Обсуждение: unable to restore 8.2.5

Поиск
Список
Период
Сортировка

unable to restore 8.2.5

От
Tore Halset
Дата:
Hello.

I am having some trouble restoring a dump from the production system
over to a test system. Both servers are 8.2.5 and both use UTF-8. The
vrc_error table have ~36 mill rows on the production system, but none
of those are restored to the test system.

pg_restore: [archiver (db)] Error from TOC entry 1665; 0 333256 TABLE
DATA vrc_error primar
pg_restore: [archiver (db)] COPY failed: ERROR:  invalid byte sequence
for encoding "UTF8": 0x81
HINT:  This error can also happen if the byte sequence does not match
the encoding expected by the server, which is controlled by
"client_encoding".
CONTEXT:  COPY vrc_error, line 34500528

Looks like I have managed to insert an illegal character into the main
system that does not conform to UTF-8. Anything I can and should do to
work around this issue?

Btw, we also use wal shipping and warm standby for the main database
and that works perfect.

Regards,
  - Tore.

Re: unable to restore 8.2.5

От
"Mikel Lindsaar"
Дата:
On Fri, Sep 19, 2008 at 6:29 PM, Tore Halset <halset@pvv.ntnu.no> wrote:
> Looks like I have managed to insert an illegal character into the main
> system that does not conform to UTF-8. Anything I can and should do to work
> around this issue?

I have had the same problem previously and after a lot of help from
Tom Lane basically came up to the following...

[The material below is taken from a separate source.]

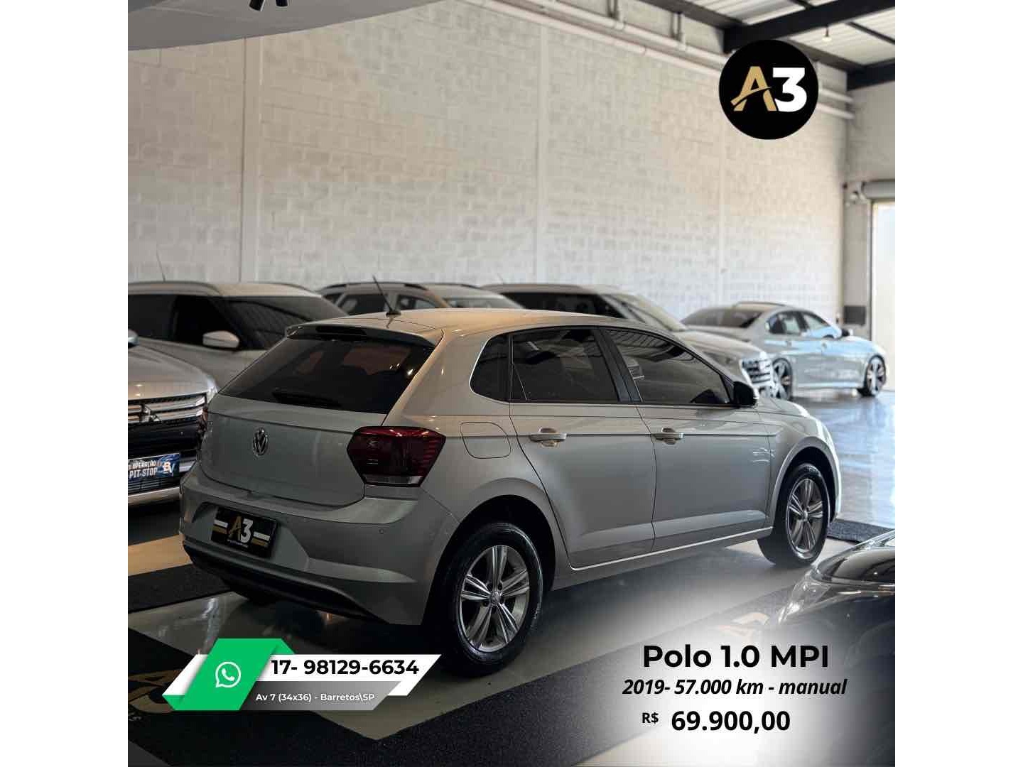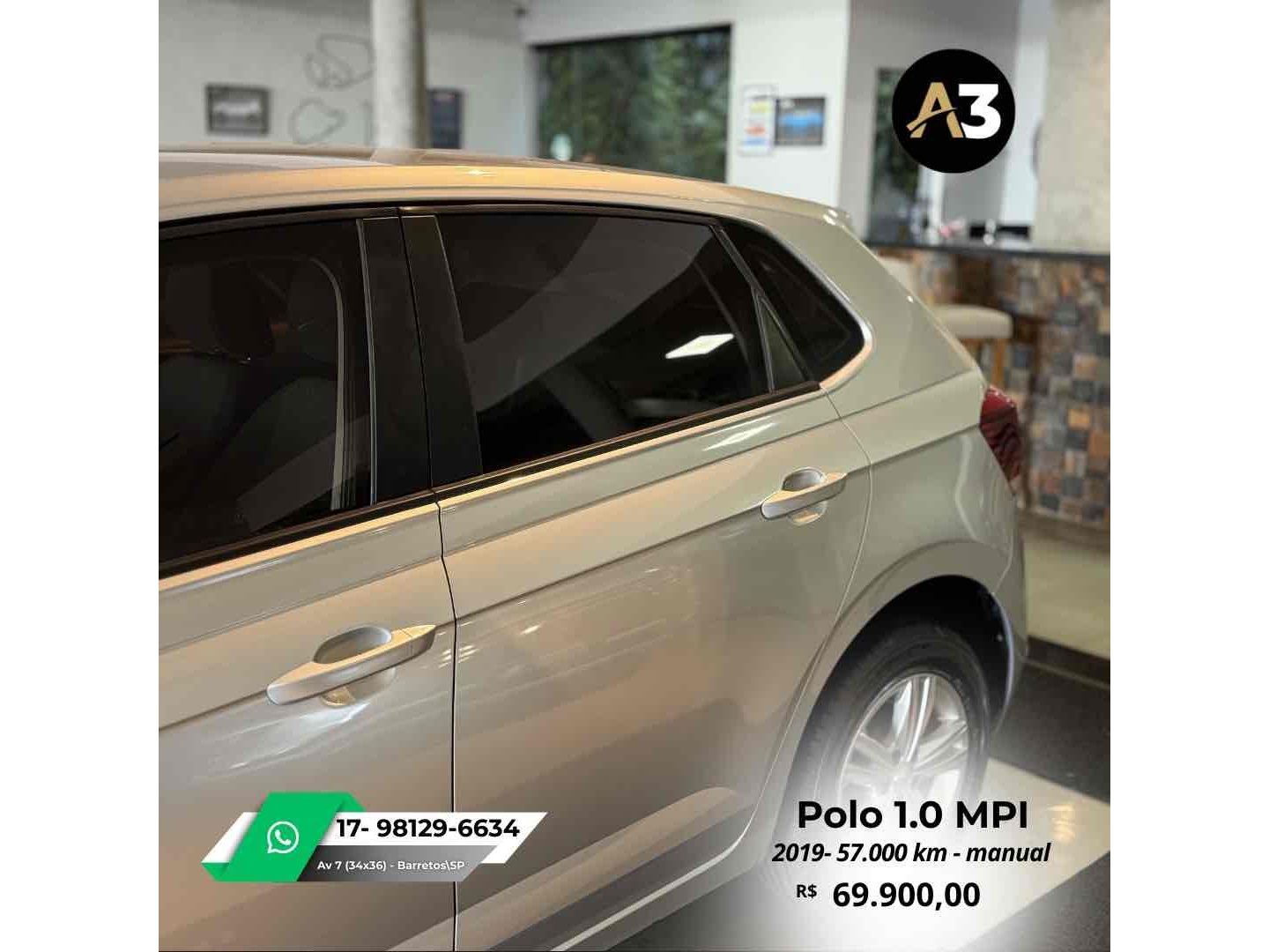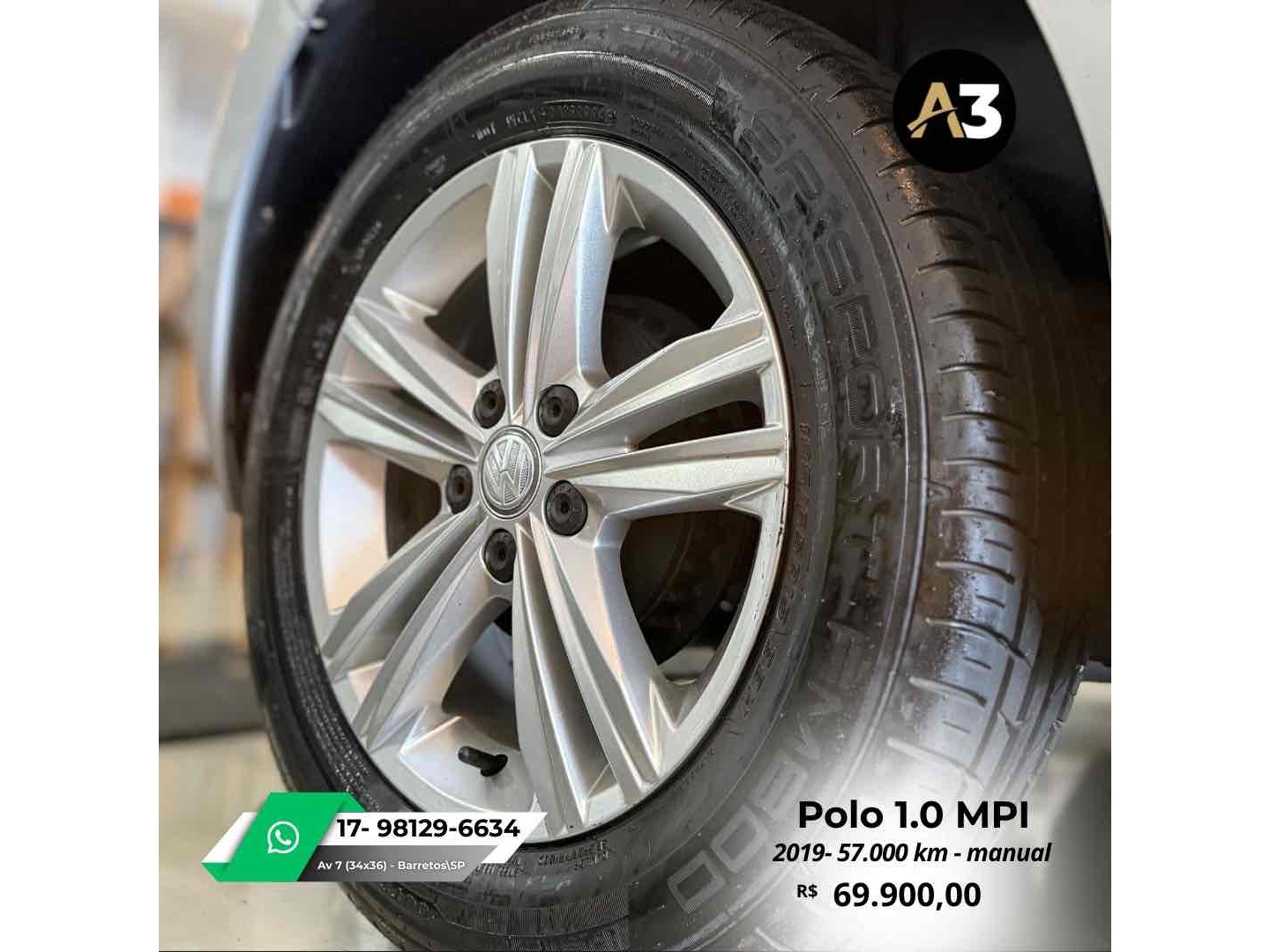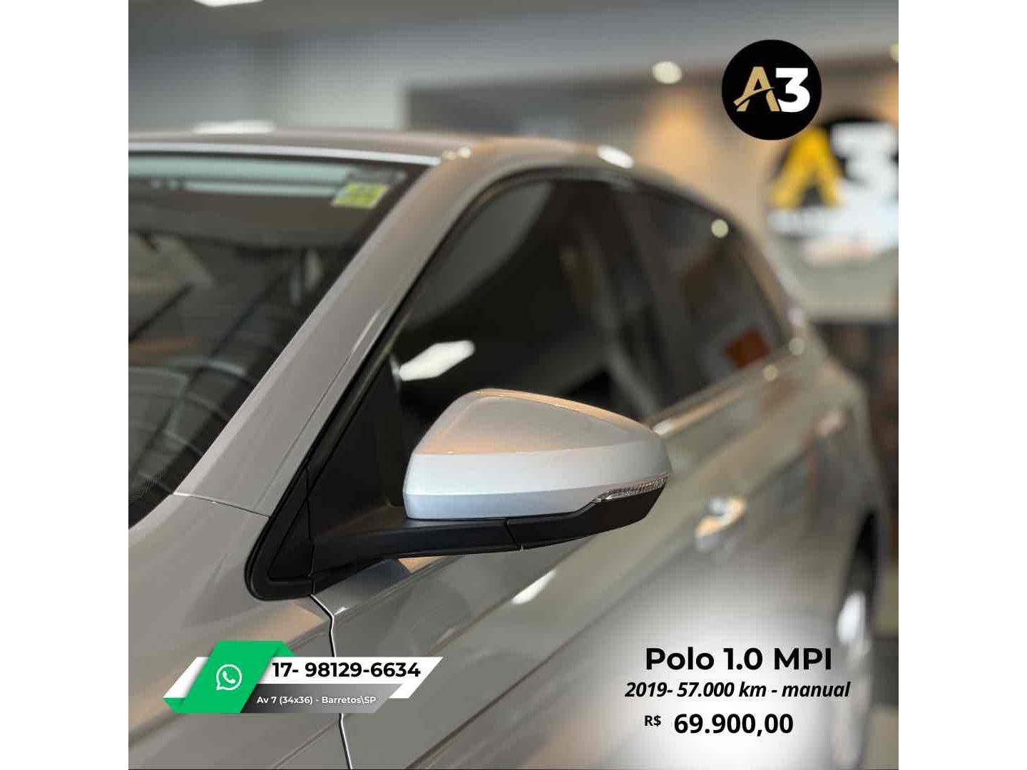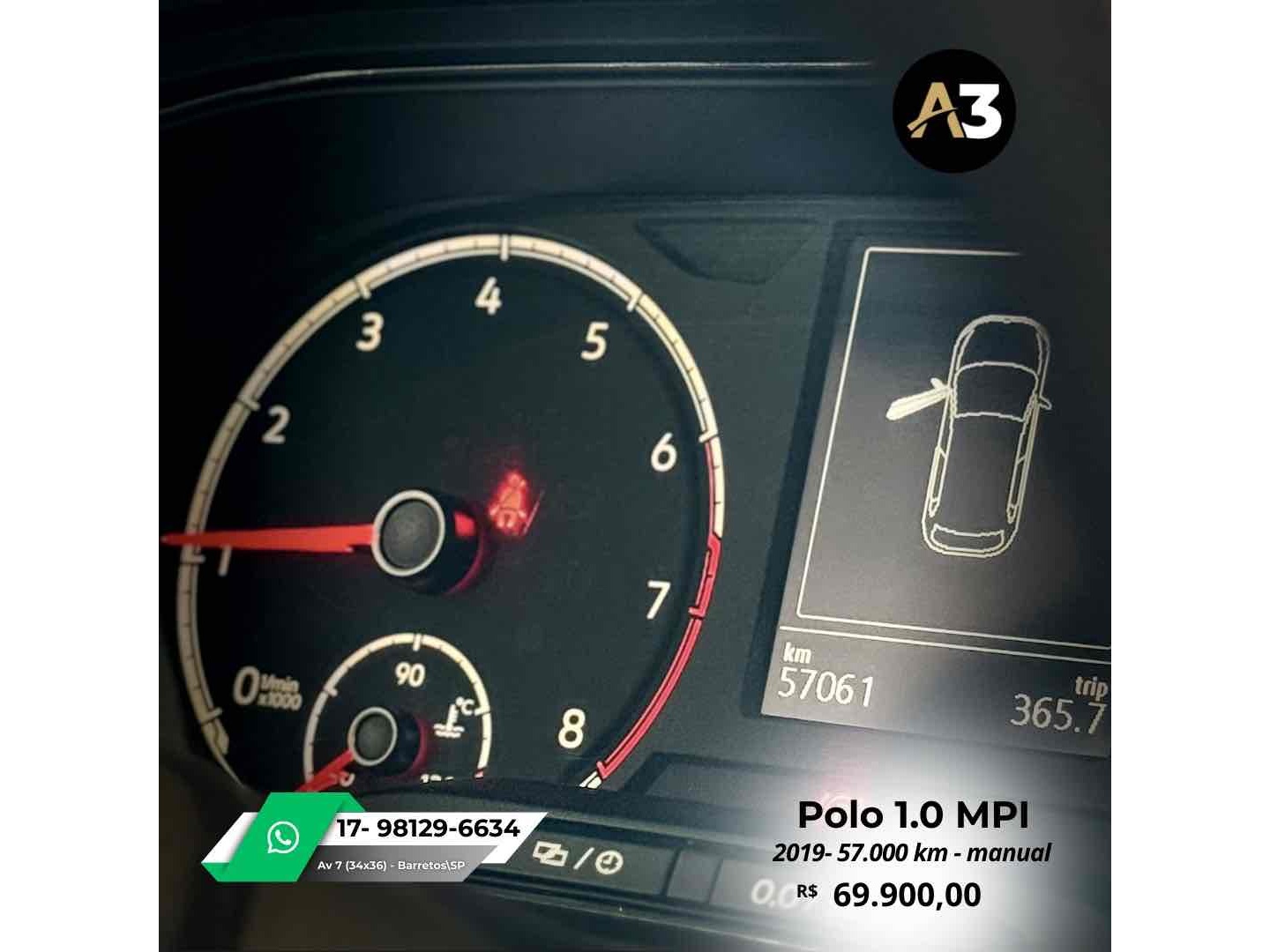 Polo 1.0 MPI MANUAL 2019*57.000 Km *Pneus Dunlop novos*Manual e chave reservaAr condicionadoDireção Elétrica AssistidaAjuste elétrico do retrovisorSetas no retrovisorVolante Multifuncional Mídia c/ CarPlayPark AssistBancos em tecidoRodas 16” R$69.000

You need to basically dump your table out (or a subset containing the
row ID and column that would have the bad data) in plain text and then
parse it with a script to detect invalid UTF-8 sequences, then find
what rows the bad data is in and go and fix it.

It is either that or you drop the data inserting some other character.
 But this has obvious drawbacks.

I wrote a short ruby script that goes through a dumped file line by
line and puts each line through Iconv to parse it from UTF-8 to UTF-8,
if it fails it dumps the offending line to a log file.

A ruby script that would just print the offending row would go
something like this:

require 'iconv'
File.read(ARGV[0]).each do |line|
  begin
    Iconv.iconv('UTF-8', 'UTF-8', line)
  rescue
    puts "Failed: #{line}"
  end
end

Save that in a file (find_invalid_utf8.rb) then run it with:

$ ruby find_invalid_utf8.rb my_dumped_table.csv

It's not pretty, and just dumps the raw output to the screen, but it
might do for you.

--
http://lindsaar.net/
Rails, RSpec and Life blog....

Re: unable to restore 8.2.5

От
Tore Halset
Дата:
Hello.

Thanks a lot! Using the script, I found the entries with invalid UTF-8
and fixed them in the database.

  - Tore.

On Sep 19, 2008, at 15:37 , Mikel Lindsaar wrote:

> On Fri, Sep 19, 2008 at 6:29 PM, Tore Halset <halset@pvv.ntnu.no>
> wrote:
>> Looks like I have managed to insert an illegal character into the
>> main
>> system that does not conform to UTF-8. Anything I can and should do
>> to work
>> around this issue?
>
> I have had the same problem previously and after a lot of help from
> Tom Lane basically came up to the following...
>
> You need to basically dump your table out (or a subset containing the
> row ID and column that would have the bad data) in plain text and then
> parse it with a script to detect invalid UTF-8 sequences, then find
> what rows the bad data is in and go and fix it.
>
> It is either that or you drop the data inserting some other character.
> But this has obvious drawbacks.
>
> I wrote a short ruby script that goes through a dumped file line by
> line and puts each line through Iconv to parse it from UTF-8 to UTF-8,
> if it fails it dumps the offending line to a log file.
>
> A ruby script that would just print the offending row would go
> something like this:
>
> require 'iconv'
> File.read(ARGV[0]).each do |line|
>  begin
>    Iconv.iconv('UTF-8', 'UTF-8', line)
>  rescue
>    puts "Failed: #{line}"
>  end
> end
>
> Save that in a file (find_invalid_utf8.rb) then run it with:
>
> $ ruby find_invalid_utf8.rb my_dumped_table.csv
>
> It's not pretty, and just dumps the raw output to the screen, but it
> might do for you.
>
> --
> http://lindsaar.net/
> Rails, RSpec and Life blog....
>


Re: unable to restore 8.2.5

От
"Mikel Lindsaar"
Дата:
On Fri, Sep 26, 2008 at 7:12 PM, Tore Halset <halset@pvv.ntnu.no> wrote:
> Thanks a lot! Using the script, I found the entries with invalid UTF-8 and
> fixed them in the database.

That's great news.  You are welcome.

Curious, how long did it take to run on your entire table?  You
mentioned it was fairly big.

Mikel